At Tijuana Airport, weary travelers arriving in Mexico as tourists to Mexico City or Cancun are directed to a makeshift hall in a terminal with a black marker that reads, “Only for Ukrainian refugees.” This is the only place to register for entry into the United States

On Tuesday, the waiting list was 973 families or single adults.

“We realized we had a problem that the government wasn’t going to solve, so we solved it,” said Phil Metzger, pastor of Calvary Church in the San Diego suburb of Chula Vista, where about 75 members host Ukrainian families and more. 100 refugees sleep on air mattresses and benches.

Metzger, whose pastoral work has led him to Ukraine and Hungary, calls the operation “sticky tape and glue,” but refugees prefer it to overcrowded European countries with millions of Ukrainians.

The Biden administration has said it will accept up to 100,000 Ukrainians, but Mexico is the only route that produces large quantities.
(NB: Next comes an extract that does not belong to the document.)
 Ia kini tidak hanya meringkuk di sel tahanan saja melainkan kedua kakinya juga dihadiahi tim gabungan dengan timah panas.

Meetings at US consulates in Europe are few, and the resettlement of refugees takes time.

The administration has set up a cap to resettle refugees of 125,000 for the 12-month period ending September 30, but took only 8,758 to March 31, including 704 Ukrainians. In the previous year, he limited the resettlement of refugees to 62,500, but accepted only 11,411, including 803 Ukrainians.

The administration has released more than 76,000 Afghans through U.S. airports in response to the withdrawal of U.S. troops last year, but nothing similar is happening to Ukrainians. Parole, which provides temporary protection from deportation, is usually granted for two years for Afghans and one year for Ukrainians.
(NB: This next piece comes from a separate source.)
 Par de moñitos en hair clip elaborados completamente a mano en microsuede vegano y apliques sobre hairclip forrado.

Oksana Dugnik, 36, was hesitant to leave her home in Bucha, but agreed to her husband’s wish before Russian troops stormed the city and left the streets littered with corpses. The couple worried about the violence in Mexico with their three young children, but the active presence of volunteers in Tijuana reassured them, and a friend from Ohio agreed to accept them.

“We have food. We have a place to stay, ”Dugnik said a day after arriving at the Tijuana recreation center, where hundreds of people slept on the basketball court. “We hope all is well.”

Warned through text messages or social networks, Ukrainians are called to the border crossing when their numbers are approaching.

The arrival of Ukrainians comes at a time when the Biden administration is preparing for a much larger number, when May 23 will end restrictions on asylum for all nationalities related to the pandemic. Since March 2020, the United States has used its powers under Section 42, designated under the Health Care Act of 1944, to suspend rights. seek asylum in accordance with US law and an international treaty.

Metzger, pastor of Chula Vista, said his church could not continue to work 24 hours a day providing assistance to refugees, and suspected that U.S. authorities would not accept what the volunteers did.

“If you do something smooth, everyone will come,” he said. “We do it so easily. In the end, I’m sure they’ll say, “No, we’re done.”